Two tribal nations are accusing social media companies of contributing to high rates of suicides that disproportionately affect Native American youth
Two tribal nations are accusing social media companies of contributing to the disproportionately high rates of suicide among Native American youth.
Their lawsuit filed Tuesday in Los Angeles county court names Facebook and Instagram’s parent company Meta Platforms; Snapchat's Snap Inc.; TikTok parent company ByteDance; and Alphabet, which owns YouTube and Google, as defendants.
Virtually all U.S. teenagers use social media, and roughly one in six describe their use as “almost constant,” according to the Pew Research Center.
But Native youth are particularly vulnerable to these companies' addictive “profit-driven design choices,” given historic teen suicide rates and mental health issues across Indian Country, chairperson Lonna Jackson-Street of the Spirit Lake Tribe in North Dakota said in a press release.

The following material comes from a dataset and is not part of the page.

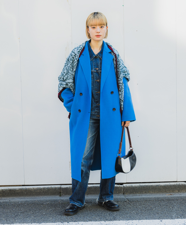 古着っぽいデニム素材のアイテムを合わせることでワンランク上の着こなしに。コートはデニムジャケットの上からでもストレスなく羽織れる、ゆったりとしたシルエットがポイントです。首元にスカーフを巻けば、大人のカジュアルスタイルが完成!
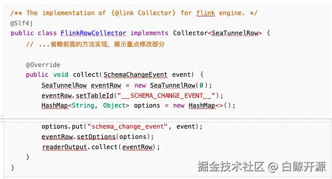 ✅扩展 FlinkRowCollector 的 collect 方法,支持变更事件的收集。

“Enough is enough. Endless scrolling is rewiring our teenagers’ brains,” added Gena Kakkak, chairwoman of the Menominee Indian Tribe of Wisconsin. “We are demanding these social media corporations take responsibility for intentionally creating dangerous features that ramp up the compulsive use of social media by the youth on our Reservation.”
Their lawsuit describes “a sophisticated and intentional effort that has caused a continuing, substantial, and longterm burden to the Tribe and its members,” leaving scarce resources for education, cultural preservation and other social programs.